Thanks. I am working on it now but would like a bit more clarification its a bit vague:

  1. By add "du[i] = " _ str[i] + "\n" do you mean for as example for i=1 create a new string as du[1] = " 1 0.4545 (u[1]^1) - 1 27000000 (u[4]^1) *(u[1]^1) + \n. If so I can do that. If not can you explicitly

  2. I think I follow you here. Make finial expression as 1 string like “du[1]=…\n du[2] = …\n du[3]=…”

  3. Once again I am lost here on exactly what to type in. I am trying to use your response from as guidance. Maybe I just don’t the default format. If you could help explain one last time that would be greatly appreciated. I appreciate your time and if I am still lost I’ll reach out elsewhere for help.

Hey Chris. Any updates here would be greatly appreciated… If you could give a quick example of the expression to be included in the Julia_eval expression that would help me tremendously.

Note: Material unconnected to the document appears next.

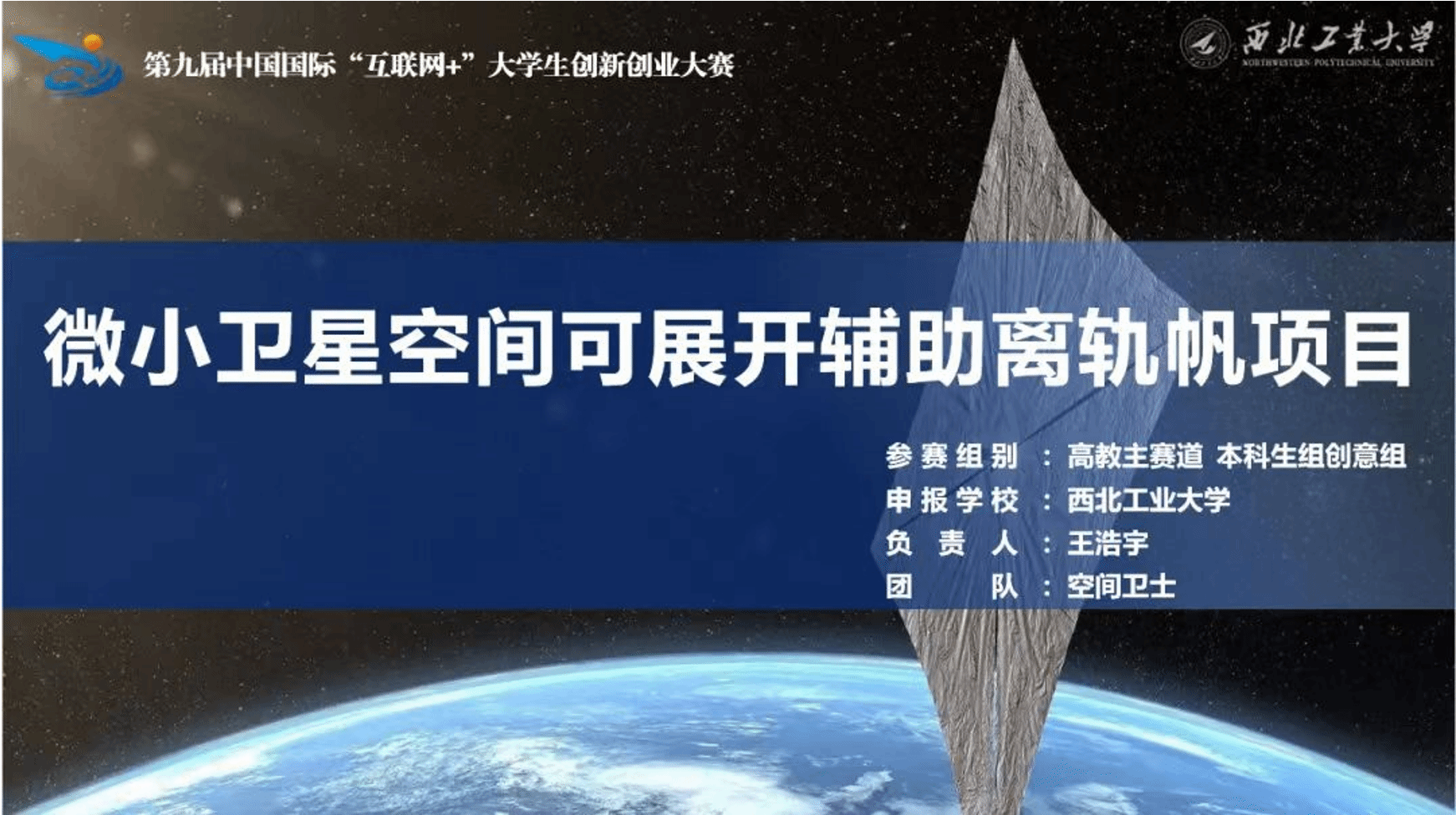 由郭宁副研究员与徐超教授指导,本科生王浩宇为负责人的“微小卫星空间可展开辅助离轨帆项目”以小组第一的位次荣获省级金奖。该项目主要针对微小卫星末期离轨问题,立足团队多年来的研究成果,研发了“空间卫士”系列离轨帆产品,利用可展开帆膜增大卫星的面质比,增大卫星在稀薄大气中所受到的阻力,促使任务结束的微小卫星快速离轨。该项目积极响应国家政策,大大降低了微小卫星离轨成本,可以满足微小卫星自主化轻量化离轨要求。截至目前,该项目已公开直接相关的国家发明专利四篇,发表论文6篇,项目中的部分型号已完成在轨工作。

As mentioned in the two duplicate StackOverflow questions on this, the answer is just to do:

sprintf("function f(du,u,p,t)\n%s\nend", paste(Combine, collapse="\n"))

to Combine and build the string in R (given you’ve built the appropriate strings for each expression). Everything else is completely over-complicated and will result in slower code anyways. Maybe we can add a small blurb to the diffeqr docs on this, but it’s literally just string handling in R and nothing to do with Julia or diffeqr.